Kim and I are busy preparing the house for the imminent arrival of baby Gustave Flaubert Claspy and so this past weekend I was boxing up some books to store temporarily while we are shuffling the rooms in the house. One book I lingered over is an anthology of English and American literature that was given to my mother by the English department of her high school, John Marshall High here in Cleveland, for being their outstanding student. Tucked inside this volume were two pieces of paper, one a church bulletin from 1976 from my older sister Jane's confirmation service. The other was a small piece of folded note paper, punctuated by quite a few thumb-tack holes, with the first line of "Mending Wall" by Robert Frost, and what is surely the poet's signature in slightly faded blue fountain pen ink.
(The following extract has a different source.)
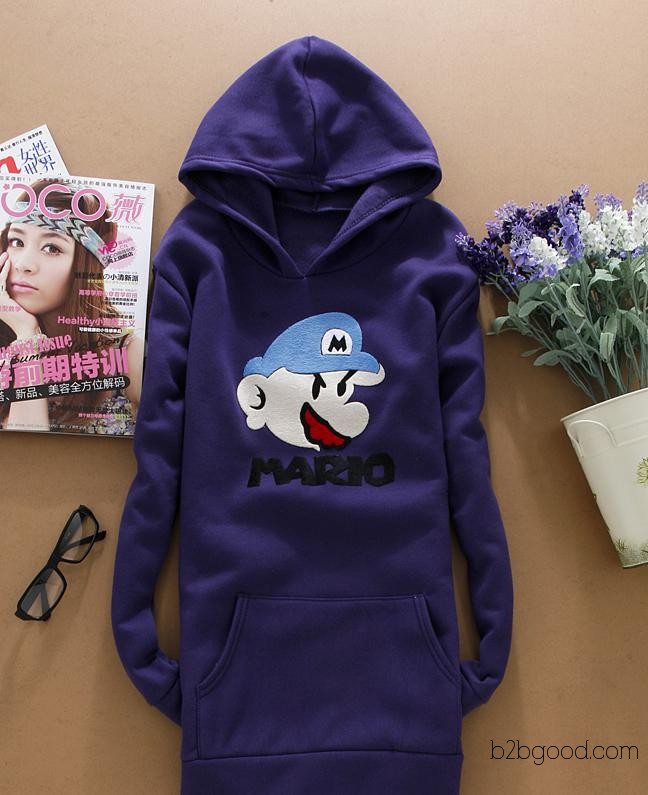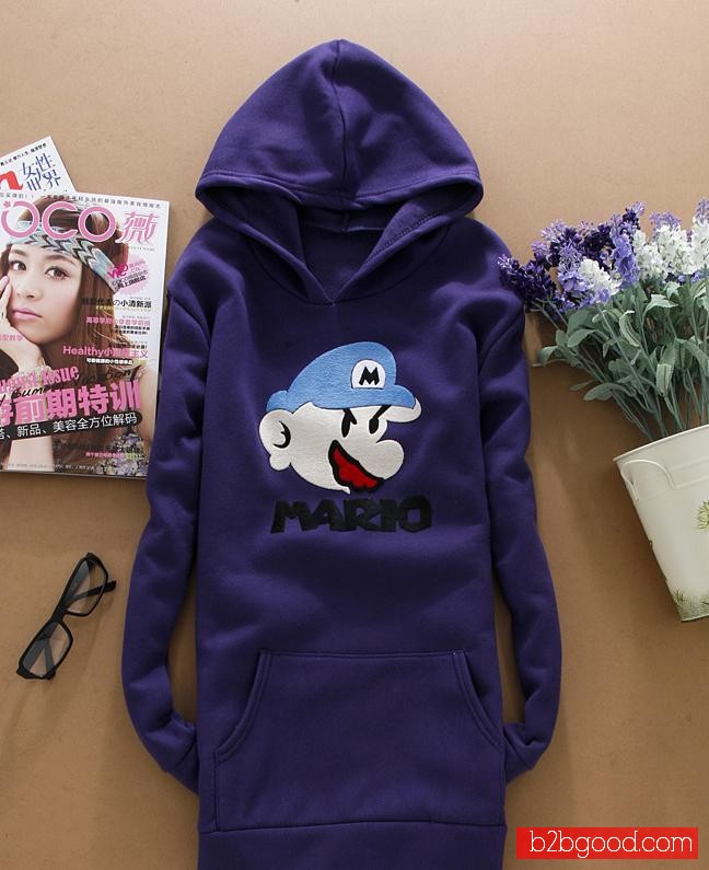 2014秋冬女式卫衣批发 时尚长款 连帽女装卫衣

Frost told the audience that if they could write down from memory a line from one of his poems, he would autograph the paper for them. My mother had a wealth of poetry memorized, so this was surely no problem for her, and she went away with the poet's name inscribed below her handwriting, and clearly had affixed this piece of paper to many cork boards during her life.
I contacted Denise Monbarren, head of Special Collections at the College of Wooster's beautiful Andrews Library and asked if she could confirm the poet's reading at the college, and not only did she confirm that he spoke there in November of 1955 (my mother's junior year at Wooster), but also sent me a copy of the Wooster Alumni Bulletin of December 1955 with a report of the event. Many thanks to Denise!
4 comments:
dang, very cool.
Good work doing the research! It's a great story.
Now did you also confirm that I got confirmed in 1976? :-)
That's an excellent story!
Take it to an archival framer and frame the note and the poem side by side. A wonderful keepsake!